RealTime IT News

Microsoft Betas Book Search

Microsoft  is ready to let users start poking around the stacks.

The Redmond, Wash.-based company announced that it will release the beta version of its Live Search Books application tomorrow.

This is an important part of the company's strategy to turn its Windows Live platform, which it just took out of beta in the last few days, into a hub of experiences that create customer loyalty, thereby driving incremental advertising revenue gains.

Windows Live offers consumer-oriented services and software, and is being offered alongside the MSN portal as a complementary service. The MSN search engine has begun to redirect users to Live Search.

Microsoft undertook the mammoth task of scanning tens of thousands of books from various universities around the world last year.

Currently, Live Book Search returns queries on books that are no longer protected by copyright.

Next year, it will include books that are currently under copyright protection as well.
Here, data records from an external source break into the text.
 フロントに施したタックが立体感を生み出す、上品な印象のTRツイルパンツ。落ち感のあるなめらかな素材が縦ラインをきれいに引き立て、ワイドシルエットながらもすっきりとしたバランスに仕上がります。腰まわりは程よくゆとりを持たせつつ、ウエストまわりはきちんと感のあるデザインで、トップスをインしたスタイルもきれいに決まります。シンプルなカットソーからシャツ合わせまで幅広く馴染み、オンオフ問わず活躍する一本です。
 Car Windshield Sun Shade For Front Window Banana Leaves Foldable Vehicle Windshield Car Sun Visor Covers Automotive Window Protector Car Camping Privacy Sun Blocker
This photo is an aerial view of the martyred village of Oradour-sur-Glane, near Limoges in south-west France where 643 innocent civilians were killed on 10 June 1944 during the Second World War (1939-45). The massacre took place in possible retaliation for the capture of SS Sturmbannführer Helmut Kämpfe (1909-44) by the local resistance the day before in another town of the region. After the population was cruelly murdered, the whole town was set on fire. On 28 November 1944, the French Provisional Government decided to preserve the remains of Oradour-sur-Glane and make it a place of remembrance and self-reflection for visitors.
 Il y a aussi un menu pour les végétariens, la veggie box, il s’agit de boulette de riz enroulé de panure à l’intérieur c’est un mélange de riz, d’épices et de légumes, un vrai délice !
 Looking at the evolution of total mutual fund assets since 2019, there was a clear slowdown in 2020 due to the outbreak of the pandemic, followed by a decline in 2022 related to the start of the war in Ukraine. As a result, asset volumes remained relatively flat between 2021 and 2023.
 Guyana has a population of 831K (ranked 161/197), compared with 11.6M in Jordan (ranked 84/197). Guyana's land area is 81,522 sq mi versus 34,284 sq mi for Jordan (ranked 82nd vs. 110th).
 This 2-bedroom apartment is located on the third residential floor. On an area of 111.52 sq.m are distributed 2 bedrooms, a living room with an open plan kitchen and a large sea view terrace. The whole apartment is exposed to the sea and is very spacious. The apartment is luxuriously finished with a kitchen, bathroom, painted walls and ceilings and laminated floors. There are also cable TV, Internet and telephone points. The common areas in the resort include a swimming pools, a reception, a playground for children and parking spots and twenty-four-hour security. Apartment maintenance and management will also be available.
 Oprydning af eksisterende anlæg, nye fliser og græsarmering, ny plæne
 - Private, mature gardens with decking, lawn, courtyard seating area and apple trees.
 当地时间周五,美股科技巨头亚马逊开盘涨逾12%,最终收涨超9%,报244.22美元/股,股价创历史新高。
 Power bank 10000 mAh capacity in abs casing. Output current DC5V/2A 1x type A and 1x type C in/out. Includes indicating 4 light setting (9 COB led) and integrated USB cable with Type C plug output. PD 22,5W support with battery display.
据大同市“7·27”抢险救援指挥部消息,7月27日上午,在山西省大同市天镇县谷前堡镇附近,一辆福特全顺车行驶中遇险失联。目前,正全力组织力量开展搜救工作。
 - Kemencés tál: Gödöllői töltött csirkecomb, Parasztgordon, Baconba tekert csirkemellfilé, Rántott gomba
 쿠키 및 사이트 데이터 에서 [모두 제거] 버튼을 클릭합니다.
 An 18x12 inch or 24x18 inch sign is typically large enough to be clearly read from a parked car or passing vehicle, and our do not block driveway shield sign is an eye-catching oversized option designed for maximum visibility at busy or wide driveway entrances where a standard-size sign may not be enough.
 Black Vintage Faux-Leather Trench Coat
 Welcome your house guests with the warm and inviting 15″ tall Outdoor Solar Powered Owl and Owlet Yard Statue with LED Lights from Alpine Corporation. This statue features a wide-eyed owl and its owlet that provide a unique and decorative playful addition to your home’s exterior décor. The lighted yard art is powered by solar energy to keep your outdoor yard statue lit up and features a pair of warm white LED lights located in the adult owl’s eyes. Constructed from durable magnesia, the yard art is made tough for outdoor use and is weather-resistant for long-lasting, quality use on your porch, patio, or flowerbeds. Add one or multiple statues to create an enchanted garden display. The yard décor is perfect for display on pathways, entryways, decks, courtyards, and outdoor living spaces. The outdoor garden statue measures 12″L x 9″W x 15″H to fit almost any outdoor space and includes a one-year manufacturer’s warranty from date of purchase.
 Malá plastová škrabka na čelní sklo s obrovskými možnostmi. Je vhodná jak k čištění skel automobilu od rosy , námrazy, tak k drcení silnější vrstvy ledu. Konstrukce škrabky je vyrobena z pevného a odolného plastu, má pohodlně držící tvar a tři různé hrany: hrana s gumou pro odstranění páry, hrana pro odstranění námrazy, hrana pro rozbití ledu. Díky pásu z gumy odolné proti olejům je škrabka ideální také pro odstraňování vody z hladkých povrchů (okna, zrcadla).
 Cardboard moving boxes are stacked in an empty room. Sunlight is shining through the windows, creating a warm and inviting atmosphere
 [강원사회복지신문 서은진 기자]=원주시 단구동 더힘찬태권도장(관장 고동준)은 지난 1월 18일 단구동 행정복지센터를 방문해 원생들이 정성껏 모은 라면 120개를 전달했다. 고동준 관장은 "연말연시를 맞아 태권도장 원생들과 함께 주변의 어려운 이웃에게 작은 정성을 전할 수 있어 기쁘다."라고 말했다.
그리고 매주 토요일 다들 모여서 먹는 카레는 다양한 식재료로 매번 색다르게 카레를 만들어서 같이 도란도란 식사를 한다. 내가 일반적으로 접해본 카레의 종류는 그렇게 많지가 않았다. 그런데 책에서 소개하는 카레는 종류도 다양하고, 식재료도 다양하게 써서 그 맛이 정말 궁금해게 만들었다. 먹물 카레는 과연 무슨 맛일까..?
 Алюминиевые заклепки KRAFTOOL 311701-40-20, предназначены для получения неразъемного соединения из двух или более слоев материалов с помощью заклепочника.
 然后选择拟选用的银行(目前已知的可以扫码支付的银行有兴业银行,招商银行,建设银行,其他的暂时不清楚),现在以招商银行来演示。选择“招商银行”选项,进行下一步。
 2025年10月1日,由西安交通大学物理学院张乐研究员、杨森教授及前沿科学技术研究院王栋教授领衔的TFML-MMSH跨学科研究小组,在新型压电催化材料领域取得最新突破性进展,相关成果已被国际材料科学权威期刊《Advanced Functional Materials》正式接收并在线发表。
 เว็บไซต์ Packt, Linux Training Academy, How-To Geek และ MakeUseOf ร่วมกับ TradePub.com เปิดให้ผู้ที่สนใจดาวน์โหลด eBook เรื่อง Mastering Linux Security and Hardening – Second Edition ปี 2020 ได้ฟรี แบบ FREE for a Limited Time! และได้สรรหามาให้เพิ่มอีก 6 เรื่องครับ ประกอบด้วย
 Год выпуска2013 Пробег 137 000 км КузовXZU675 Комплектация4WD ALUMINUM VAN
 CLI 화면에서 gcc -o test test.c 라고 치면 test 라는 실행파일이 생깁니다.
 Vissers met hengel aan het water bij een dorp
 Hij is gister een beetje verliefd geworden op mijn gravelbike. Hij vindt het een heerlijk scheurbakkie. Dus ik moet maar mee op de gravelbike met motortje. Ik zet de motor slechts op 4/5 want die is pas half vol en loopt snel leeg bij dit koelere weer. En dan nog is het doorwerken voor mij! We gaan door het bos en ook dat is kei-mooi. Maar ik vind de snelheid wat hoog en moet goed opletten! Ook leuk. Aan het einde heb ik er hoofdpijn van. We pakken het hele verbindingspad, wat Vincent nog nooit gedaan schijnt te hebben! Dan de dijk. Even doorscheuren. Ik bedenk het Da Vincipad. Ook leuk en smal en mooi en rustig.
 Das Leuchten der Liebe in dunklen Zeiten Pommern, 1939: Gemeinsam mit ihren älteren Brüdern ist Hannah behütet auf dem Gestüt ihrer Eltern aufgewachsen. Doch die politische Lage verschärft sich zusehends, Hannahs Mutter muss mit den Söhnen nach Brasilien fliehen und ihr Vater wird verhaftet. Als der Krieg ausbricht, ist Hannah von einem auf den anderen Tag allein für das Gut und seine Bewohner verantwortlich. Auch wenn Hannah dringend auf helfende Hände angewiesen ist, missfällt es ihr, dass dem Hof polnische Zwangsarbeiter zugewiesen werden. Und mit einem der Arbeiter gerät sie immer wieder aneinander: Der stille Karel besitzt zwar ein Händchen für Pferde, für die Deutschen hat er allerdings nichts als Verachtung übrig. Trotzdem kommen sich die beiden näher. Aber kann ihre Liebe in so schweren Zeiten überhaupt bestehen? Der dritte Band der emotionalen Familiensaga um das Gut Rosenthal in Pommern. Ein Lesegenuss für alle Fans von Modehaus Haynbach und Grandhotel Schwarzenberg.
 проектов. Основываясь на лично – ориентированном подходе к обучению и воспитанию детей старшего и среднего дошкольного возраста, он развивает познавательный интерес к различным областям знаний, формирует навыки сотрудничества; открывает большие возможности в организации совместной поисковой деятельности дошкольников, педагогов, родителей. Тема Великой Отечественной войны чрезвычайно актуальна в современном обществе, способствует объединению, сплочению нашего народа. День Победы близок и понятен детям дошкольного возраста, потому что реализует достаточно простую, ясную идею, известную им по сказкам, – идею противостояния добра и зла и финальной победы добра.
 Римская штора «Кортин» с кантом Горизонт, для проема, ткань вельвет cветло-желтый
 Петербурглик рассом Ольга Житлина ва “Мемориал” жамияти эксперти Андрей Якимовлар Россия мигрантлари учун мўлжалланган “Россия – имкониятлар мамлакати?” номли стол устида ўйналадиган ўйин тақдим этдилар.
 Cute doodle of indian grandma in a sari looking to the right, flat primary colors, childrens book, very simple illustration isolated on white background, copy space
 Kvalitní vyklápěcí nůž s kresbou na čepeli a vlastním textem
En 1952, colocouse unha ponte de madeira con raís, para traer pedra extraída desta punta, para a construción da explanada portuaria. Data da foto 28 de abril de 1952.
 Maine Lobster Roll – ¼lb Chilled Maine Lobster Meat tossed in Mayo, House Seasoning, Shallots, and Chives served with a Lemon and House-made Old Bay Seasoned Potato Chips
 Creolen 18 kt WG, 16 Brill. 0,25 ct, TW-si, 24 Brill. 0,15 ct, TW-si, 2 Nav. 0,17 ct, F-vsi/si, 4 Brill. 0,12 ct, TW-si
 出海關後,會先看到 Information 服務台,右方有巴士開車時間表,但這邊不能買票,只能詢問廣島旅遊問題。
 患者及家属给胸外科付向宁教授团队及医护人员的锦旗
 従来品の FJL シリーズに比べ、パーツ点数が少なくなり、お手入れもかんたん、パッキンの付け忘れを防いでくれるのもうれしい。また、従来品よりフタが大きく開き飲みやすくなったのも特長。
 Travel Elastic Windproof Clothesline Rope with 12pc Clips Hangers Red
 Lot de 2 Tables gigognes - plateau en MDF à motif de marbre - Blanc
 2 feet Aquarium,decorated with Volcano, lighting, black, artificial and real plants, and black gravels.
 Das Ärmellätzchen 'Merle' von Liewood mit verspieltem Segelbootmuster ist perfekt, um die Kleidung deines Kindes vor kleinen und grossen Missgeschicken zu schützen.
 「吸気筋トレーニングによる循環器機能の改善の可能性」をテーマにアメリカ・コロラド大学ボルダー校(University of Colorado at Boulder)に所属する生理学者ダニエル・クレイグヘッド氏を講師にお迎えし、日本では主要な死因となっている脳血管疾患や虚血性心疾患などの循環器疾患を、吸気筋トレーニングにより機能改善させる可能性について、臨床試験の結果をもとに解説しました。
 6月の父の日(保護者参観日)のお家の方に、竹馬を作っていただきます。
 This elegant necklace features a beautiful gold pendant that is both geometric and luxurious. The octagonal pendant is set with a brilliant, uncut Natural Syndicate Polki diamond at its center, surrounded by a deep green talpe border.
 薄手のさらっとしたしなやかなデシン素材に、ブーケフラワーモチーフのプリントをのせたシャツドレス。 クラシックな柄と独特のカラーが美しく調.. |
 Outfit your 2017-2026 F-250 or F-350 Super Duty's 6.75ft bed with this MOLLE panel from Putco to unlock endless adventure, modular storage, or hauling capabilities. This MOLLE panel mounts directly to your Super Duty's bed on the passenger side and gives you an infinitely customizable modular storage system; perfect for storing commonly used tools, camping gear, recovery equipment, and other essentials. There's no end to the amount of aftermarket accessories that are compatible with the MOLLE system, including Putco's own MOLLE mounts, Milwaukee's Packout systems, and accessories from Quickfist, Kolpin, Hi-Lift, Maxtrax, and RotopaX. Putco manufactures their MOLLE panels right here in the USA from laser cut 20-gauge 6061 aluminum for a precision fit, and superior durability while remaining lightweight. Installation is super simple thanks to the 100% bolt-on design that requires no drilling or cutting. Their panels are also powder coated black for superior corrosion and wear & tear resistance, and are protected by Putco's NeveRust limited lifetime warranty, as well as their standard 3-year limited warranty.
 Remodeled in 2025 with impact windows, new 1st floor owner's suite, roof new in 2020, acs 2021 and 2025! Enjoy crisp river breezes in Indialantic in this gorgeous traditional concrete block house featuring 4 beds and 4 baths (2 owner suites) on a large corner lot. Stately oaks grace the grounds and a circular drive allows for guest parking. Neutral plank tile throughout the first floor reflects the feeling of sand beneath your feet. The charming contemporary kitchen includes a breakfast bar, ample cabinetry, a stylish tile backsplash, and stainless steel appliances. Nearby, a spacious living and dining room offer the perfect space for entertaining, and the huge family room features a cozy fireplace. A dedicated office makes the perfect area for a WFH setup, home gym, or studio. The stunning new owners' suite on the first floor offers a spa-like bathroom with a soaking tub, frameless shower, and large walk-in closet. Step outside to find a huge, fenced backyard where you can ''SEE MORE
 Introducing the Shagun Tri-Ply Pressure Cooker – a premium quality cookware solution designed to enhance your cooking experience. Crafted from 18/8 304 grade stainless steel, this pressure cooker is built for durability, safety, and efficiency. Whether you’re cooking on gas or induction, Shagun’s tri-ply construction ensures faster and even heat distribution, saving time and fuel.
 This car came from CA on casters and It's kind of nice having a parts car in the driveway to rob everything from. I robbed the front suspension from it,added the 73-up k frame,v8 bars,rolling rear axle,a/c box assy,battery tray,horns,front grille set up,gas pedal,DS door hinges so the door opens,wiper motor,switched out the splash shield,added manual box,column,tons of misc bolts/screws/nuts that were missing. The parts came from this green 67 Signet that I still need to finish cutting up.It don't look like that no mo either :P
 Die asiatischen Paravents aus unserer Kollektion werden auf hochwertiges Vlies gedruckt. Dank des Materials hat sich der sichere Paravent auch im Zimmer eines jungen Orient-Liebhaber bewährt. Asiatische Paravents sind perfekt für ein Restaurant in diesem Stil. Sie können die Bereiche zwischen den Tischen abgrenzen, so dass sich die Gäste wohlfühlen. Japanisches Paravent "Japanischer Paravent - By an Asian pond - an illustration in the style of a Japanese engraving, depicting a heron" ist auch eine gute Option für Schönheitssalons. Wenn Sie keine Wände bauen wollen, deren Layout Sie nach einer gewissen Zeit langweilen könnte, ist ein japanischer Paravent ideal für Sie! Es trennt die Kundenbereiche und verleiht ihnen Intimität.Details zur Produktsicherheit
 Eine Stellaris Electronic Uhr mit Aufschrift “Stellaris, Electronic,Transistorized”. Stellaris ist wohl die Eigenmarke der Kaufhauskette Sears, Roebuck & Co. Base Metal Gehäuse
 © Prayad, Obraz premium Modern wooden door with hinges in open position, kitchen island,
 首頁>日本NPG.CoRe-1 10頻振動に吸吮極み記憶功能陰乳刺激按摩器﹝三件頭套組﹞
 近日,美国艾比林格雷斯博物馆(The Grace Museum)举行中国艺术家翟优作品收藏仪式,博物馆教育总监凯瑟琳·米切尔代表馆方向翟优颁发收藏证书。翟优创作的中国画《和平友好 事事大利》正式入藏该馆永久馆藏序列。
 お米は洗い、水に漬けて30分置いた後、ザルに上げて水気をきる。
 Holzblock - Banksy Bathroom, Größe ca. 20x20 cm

That, Microsoft hopes, will make its users come back more often.

Indeed, Steve Berkowitz, vice president of Microsoft's online services group, stated that search is critical to keeping MSN and Live users glued to Microsoft's online properties.

"The goal is to turn search into a utility and stop them from leaving the system," he said at a Lehman Brothers technology conference yesterday.

"If we can take our 465 million unique visitors and turn them into multiple service users, the incremental marginal revenue is hugely profitable," he said.

Cliff Guren, director of publisher evangelism for Live Search Books at Microsoft, agreed that Live Search Books is intended to make the Live search engine more sticky.

"It's how we will aggregate a big audience over time," he told internetnews.com.

The company is also increasing its inventory of content.

Guren said the company just added the New York Public Library and the American Museum of Veterinary Medicine to its roster of libraries participating in the out-of-copyright scanning program, and has also updated its Live Search Academic product with millions of new articles, mostly bio-medical content.

In the early going, consumers will need to choose the Live book "scope" in order to get search results from books. Scopes are links allowing users to refine their searches according to various media or categories, such as books, video and news.

Eventually, however, general search queries on Live will include books alongside more traditional online content.

Guren said that his team will be phasing in the integration of book content into general search, first with Instant Answers, and later into core search results.

"It's not a transition that happens overnight," he said.

Instant Answers appear at the top of a search results page when Microsoft has a high level of confidence that they've identified the correct material.

Live Book Search began scanning books still under copyright protection in May.

Beginning sometime next year, the search engine will deliver content from those books as search results, but only with the publishers' consent.

"Publishers can choose from three different preview rights models and can set parameters to display as much or as little content as they want," said Guren.

This contrasts with Google's  more peremptory approach, which has led to litigation on the part of libraries and publishers alike.

Berkowitz also went out of his way to say that Microsoft wants content producers as partners.

The former Ask.com executive said his strategy is to market the Microsoft platform to its existing user base.

Microsoft, he said, has traditionally marketed itself as a technology company, and must now learn to market itself as an experience.

"Our underlying technology is superior, but this is not a game where just the right technology will win," he said.